Goetz Baumgarten, who is responsible for global SEPURAN® business in Evonik’s Resource Efficiency Segment, says: "With SEPURAN® N2 we plan to extend our technology position in customized membrane gas-separation systems." The SEPURAN® N2 hollow-fiber membrane at the heart of the technology consists of polyimide, a high-performance polymer that is highly chemically and thermally stable, and is produced by Evonik at its Lenzing (Austria) site. The hollow fibers, which resemble long and very thin tubes of pasta, are bundled together, embedded in a resin developed specially for the purpose, and enclosed in a stainless steel module. The membrane module, approximately 1.3 m long, contains several tens of thousands of these fine tubes, each of diameter 0.5 mm.
For separation of nitrogen, compressed air is fed into the hollow-fiber membranes. Air has two main components, consisting of up to 78 percent nitrogen and 21 percent oxygen. Due to their smaller size, oxygen molecules can pass through the membrane more easily than nitrogen molecules. This leads to enrichment of nitrogen to the desired purity inside the hollow fibers, while an O2-rich airstream is generated on the outside. The purity of the N2 can be regulated via the flow rate of the incoming air: The lower this flow rate, the higher is the quality of the nitrogen. For many applications technical nitrogen of purity 95 to 98 percent is adequate. This is where the new Evonik technology stands out.
Compared with other conventional membrane systems the new technology requires fewer modules and less air.
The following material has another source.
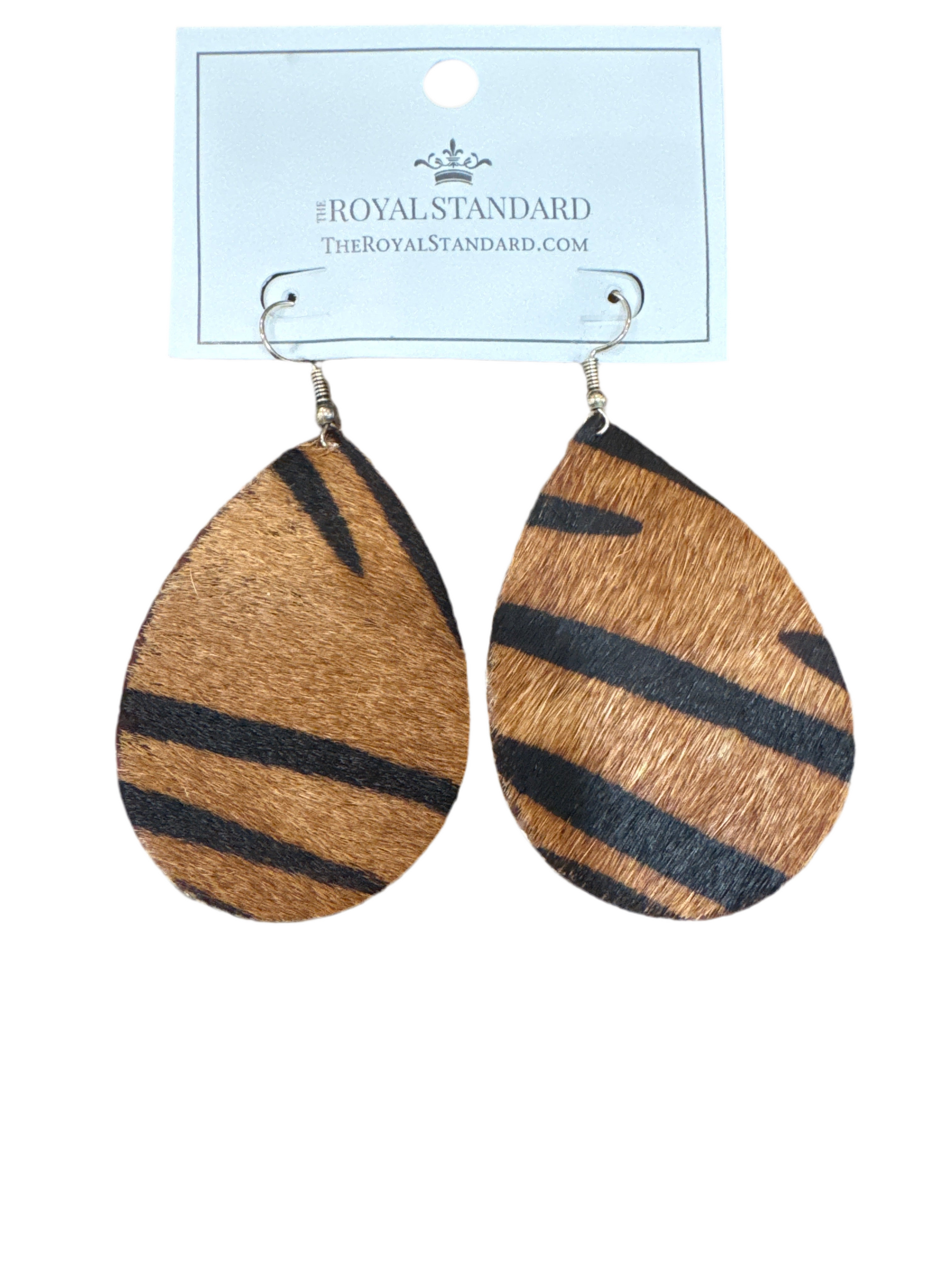 Add a fierce touch of Geaux Tigers energy to your look with our Tiger Gleaux Earrings. These teardrop-shaped beauties feature a bold tiger-stripe pattern on genuine hair-on hide, blending wild style with game-day glam. Lightweight yet eye-catching, they’re perfect for LSU games, fall outfits, or any day you’re feeling a little extra fierce.

A smaller compressor reduces investment costs as well as energy consumption and the modular structure means that the system can be used flexibly. Says Baumgarten: "SEPURAN® N2 is efficient and flexible. This membrane module from Evonik is distinguished by low investment costs, very low operating costs, and low maintenance expenditure."
As a technology leader in high-performance polymers, the specialty chemicals group has developed over the years a wide variety of membrane systems for efficient gas separation. SEPURAN® Green, for example, is used in biogas upgrading because it separates carbon dioxide and methane gas very efficiently. More than 70 biogas upgrading systems globally have been fitted with SEPURAN® Green membrane modules.
Currently, Evonik is expanding its Austrian site in Lenzing/Schörfling to double the existing production capacities for the hollow-fiber membrane modules of its SEPURAN® brand. The production of additional membrane modules is projected to begin in late 2017.